March 29, 2019

Correlation to Causation

Plan for Today:

(1) Solutions for Bias

  • design-based
    • difference in difference
    • natural experiments

Design-Based Solutions

Design

Types of designs:

Designs using conditioning

  • Compare same case over time
  • Compare cases known to be similar at same time
  • "Differences in Differences"

Designs using random exposure to \(X\)

  • experiments
  • "natural experiments"

Design: Difference in Difference

What is it?

  • Compare changes in "treated" cases to changes in "untreated" cases before and after the "treatment"

How does it work?

  • Hold constant unchanging attributes of cases (compare same case before and after "treatment")
  • Hold constant variables that change together over time in "treated" and "untreated" cases

Assumption:

  • "Untreated" case has the trend the "Treated" case would have had except for the "treatment"
  • no variables that affect \(Y\) and change over time differently in "treated" and "untreated" cases

Difference in Difference: Example

Mueller and Schwarz 2018

Does social-media hate speech lead to real-world violence?

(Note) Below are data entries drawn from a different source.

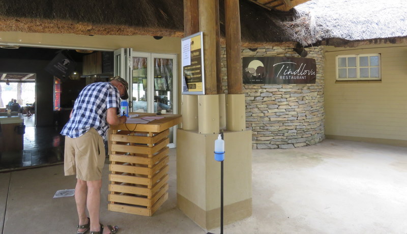 When we stop at Mopani’s Fish Eagle Terrace for breakfast, the Earl is still ahead but I’m gaining fast. He leaves his binoculars in the car but I take mine and my camera too.
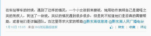 據凱里市民微博爆料,近日在凱里客車站經常遇到一些聾啞人,手持簽名簿,比劃著讓大家捐款。該市民向本港咨詢,希望確定他們是否真的需要幫助,或者利用愛心進行詐騙。記者帶著疑問將對此進行調查。
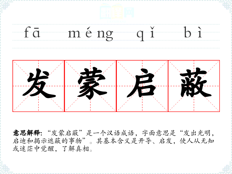 “发蒙启蔽”是一个汉语成语,字面意思是“发出光明,启迪和揭示遮蔽的事物”。其基本含义是开导、启发,使人从无知或迷茫中觉醒,了解真相。

  • Anti-Refugee content on Facebook and Anti-Refugee violence in Germany
  • Does anti-refugee hate speech on AfD (far right party) Facebook page cause increases in anti-refugee violence?

Difference in Difference: Example

Mueller and Schwarz 2018

Data

  • anti-refugee violence in Germany by week (and by town)
  • anti-refugee comments on AfD Facebook page (by week)
  • AfD Facebook followers per capita (by town)
  • Nutella Facebook followers per capita (by town)

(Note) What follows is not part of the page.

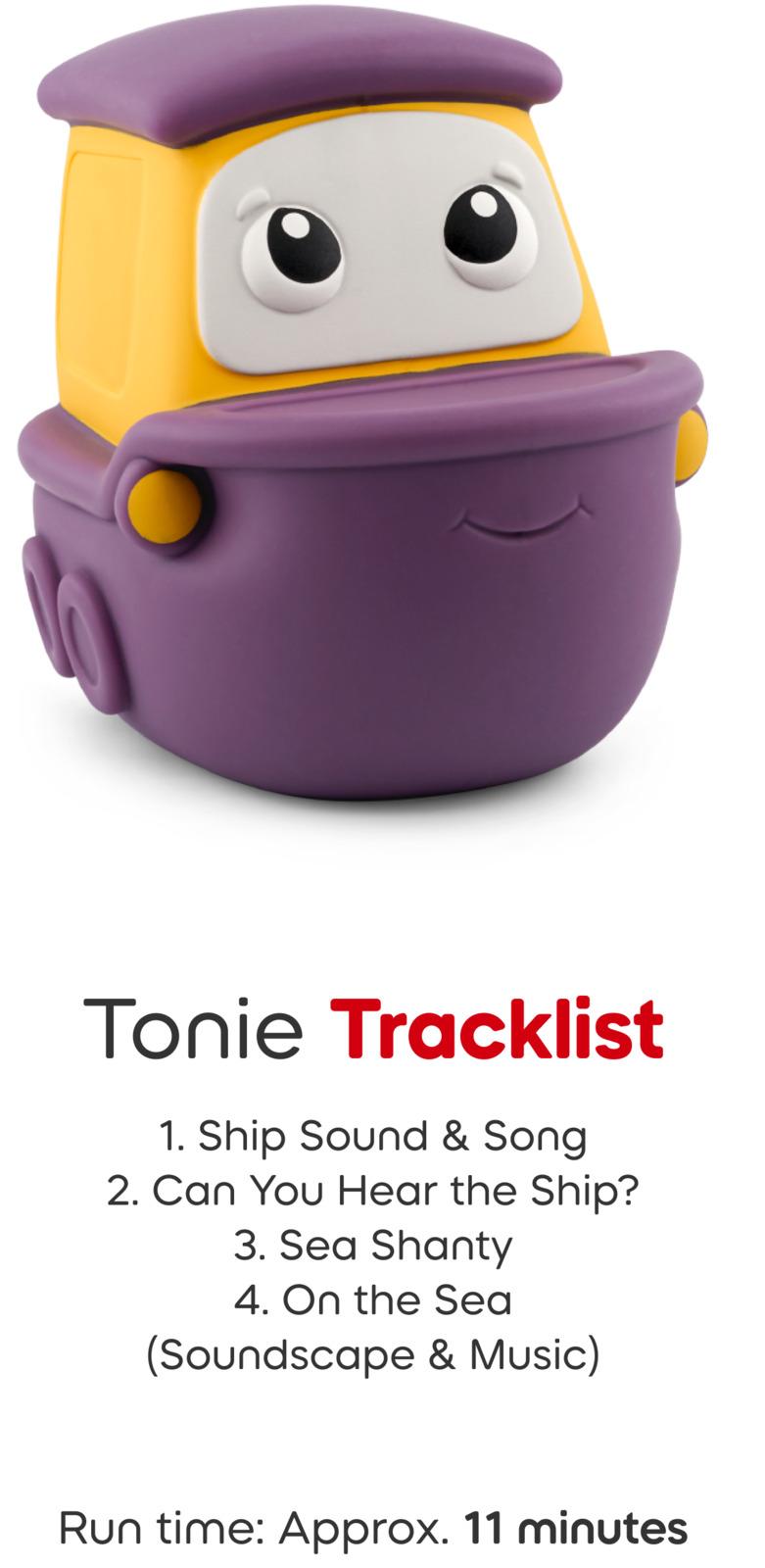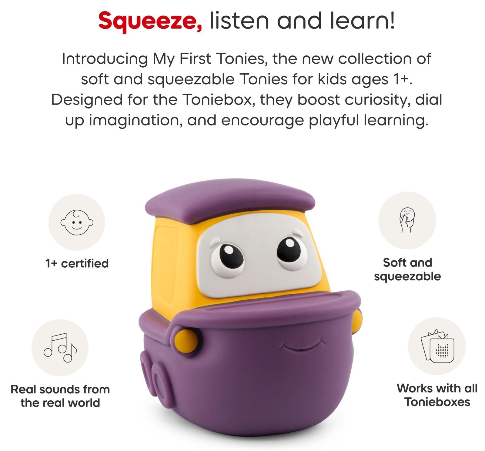 Listen, play, and learn about the wonderful world of vehicles! My First Tonies are soft and squeezable, perfect for 1–3-year-olds.Fly high in an airplane, plough through the waves on a ship or go on a journey by train! With short, lovingly told stories about airplanes, ships, and trains, they help build vocabulary, boost listening skills, and encourage early language development in a fun, engaging way.Discover a brand-new range of Tonies made just for little listeners aged 1 and up! Designed to support early learning through play, My First Tonies combine real animal sounds and playful language with short, simple stories. These catchy rhymes spark curiosity and imagination and help build vocabulary, boost listening skills, and encourage early language development in a fun, engaging way.Each My First Tonie features an original vehicle song, perfect for singing, dancing, and moving around, plus a mix of instrumental music and catchy melodies that invite open-ended play and create rich soundscapes and music that set the scene.*Features:** Sounds and songs for the big first words: Support little ones as they start learning about their favorite topics with age-appropriate, screen-free fun.* Real sounds from the real world: Boost kids’ curiosity about the world around them with real audio, from the roar of a plane engine to that of a tiger.* Soft and squeezable design for tiny hands: From the squishy and soft texture to the larger yet lightweight size, My First Tonies are specifically created for kids 1+ to safely handle all on their own.* Easy to clean: When it comes to little kids we know things get big-time sticky. That’s why my \* First Tonies are designed for easy cleaning. Wet a cloth with just a touch of dish soap and water, wipe down, and get ready for more play.* Total run time: 36 minutes*Track List:** Airplane Sound & Song

Difference in Difference: Example

Mueller and Schwarz 2018

Research options:

  • "Same case over time": compare Germany-wide anti-refugee violence following Facebook hate speech

Difference in Difference: Example

Difference in Difference: Example

Mueller and Schwarz 2018

Research options:

  • "Same case over time": compare Germany-wide anti-refugee violence following Facebook hate speech
    • Could be that other events (terror attacks, political disputes over refugees) cause both hate speech AND violence (confounding)
  • "Similar cases at same time": compare anti-refugee violence over same period in communities with many AfD facebook followers versus few AfD followers

Difference in Difference: Example

Difference in Difference: Example

Mueller and Schwarz 2018

Research options:

  • "Same case over time": compare Germany-wide anti-refugee violence following Facebook hate speech
    • Could be that other events (terror attacks, political disputes over refugees) cause both hate speech AND violence (confounding variables over time)
  • "Similar cases at same time": compare anti-refugee violence over same period in communities with many AfD facebook followers versus few AfD followers
    • Could be that people who follow AfD on Facebook more likely to commit violence any way. ("similar" cases still fundamentally different)

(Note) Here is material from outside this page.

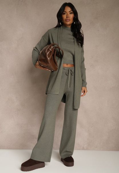 Ciemnozielony Komplet z Dzianiny z Wiskozą Spodnie Bluzka ze Stójką i Kardigan Vetisene

Difference in Difference: Example

Difference-in-Difference:

Consider 2 types of towns: \(Town_T\) and \(Town_C\) at two times: \(Before\) and \(After\) AfD anti-Refugee comment

  • \(Town_T\) has many AfD Facebook followers
  • \(Town_C\) has few AfD Facebook followers

We measure \(Hate \ Crimes\) (\(Y\)) in both towns

Difference in Difference: Example

Difference-in-Difference:

  • \(FirstDiff = Hate \ Crime_{After} - Hate \ Crime_{Before}\) gives us change in murders in a \(Town\)…
    • holding unchanging attributes of town (presence of refugees, Neo-Nazis, etc.) constant (same case over time)
  • \(SecondDiff = FirstDiff_{T} - FirstDiff_{C}\) gives us change in murders in \(Treated\) towns over time, compared to \(Control\)
    • holding shared trends of both towns (exposure to political events/news) constant (similar cases at same points in time)

Difference in Difference: Example

Mueller and Schwarz 2018

Using difference-in-difference, find that:

  1. In weeks with more hateful Facebook Posts (compared to weeks with less)…
  2. Towns with more AfD or Nutella Facebook followers (compared to towns with less)…
  3. see more anti-refugee violence

Anti-Refugee violence is rare, but "high" Facebook usage areas have 60% more when there a more anti-refugee posts

Difference in Difference: Example

Assumptions for causality:

  • No variables that affect anti-refugee violence that change differently over time in places with more Facebook users as in places with fewer

Difference in Difference: Example

A problem:

What if events involving refugees (crime, influx of refugees, etc.) makes white supremacists more angry but has no effect on non-white supremacists?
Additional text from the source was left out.